Lesnar was, to put it mildly, a freak. Getting to the top of the WWE is nearly impossible, and the same goes for becoming a UFC champion. Completing both of those goals within a 10-year period the way that Lesnar did is honestly one of the more remarkable sports achievements in the last decade. Lesnar was the perfect athlete to accomplish such a thing, and he came around at exactly the right time for both companies. Expecting someone to match those achievements is ridiculous and completely unfair to the fighter in question. But from here on out, any professional wrestler that decides to test their luck inside the Octagon is going to be showered immediately with comparisons to Lesnar. If the rumor mill is to be trusted, it looks like the next man to receive that treatment could be former WWE champion (and Lesnar’s fellow Paul Heyman guy) CM Punk.
Phil Brooks, more commonly known as CM Punk, left the WWE this past January due to a number of conflicts with the company. The longer he’s remained outside of the squared circle, the more the chatter surrounding Punk and a potential MMA career continues to grow louder. Now, following a controversial interview Punk recently did for The Art of Wrestling podcast over Thanksgiving that made it clear that the controversial superstar wants nothing to do with his former employers at the moment, the chatter has increased significantly. The UFC and Bellator are suddenly being listed as potential landing spots for the former WWE champion.

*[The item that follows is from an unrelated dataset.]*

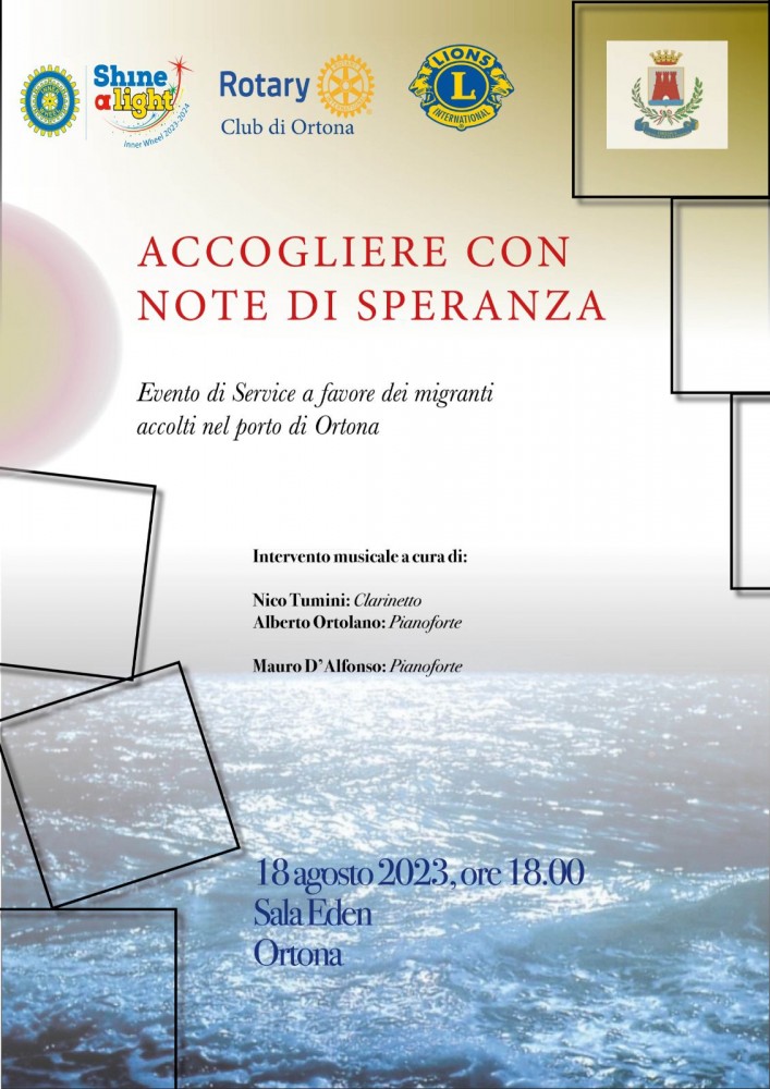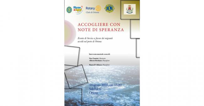 Si svolgerà venerdì 18 agosto, a partire dalle ore 18.00, una cerimonia di consegna alle autorità comunali, da parte dei club di service della città di Ortona (Rotary, Lions e Inner Wheel ) di calzature per uomo, donna e bambino, da destinare ai migranti che verranno accolti sistematicamente nel porto di Ortona.

The idea of Punk inside the cage isn’t as ridiculous as one might think. The “Straight Edge Superstar” has been training in Brazilian Jiu-Jitsu for years, most recently under world-renowned trainer Rener Gracie. He has also trained in Muay Thai for some time. Even his in-ring style while working in the WWE was more MMA-based than the styles of any of his counterparts, with an arsenal that included a number of submissions on the ground and techniques like head kicks and flying knees on the feet. While there’s no comparison between fighting in a cage and choreographed entertainment in a wrestling ring, the fact that he’s familiar enough with these techniques that he was willing to do some variation of them in front of millions of people on television every week is encouraging, at the least to fans hoping to see him inside the cage.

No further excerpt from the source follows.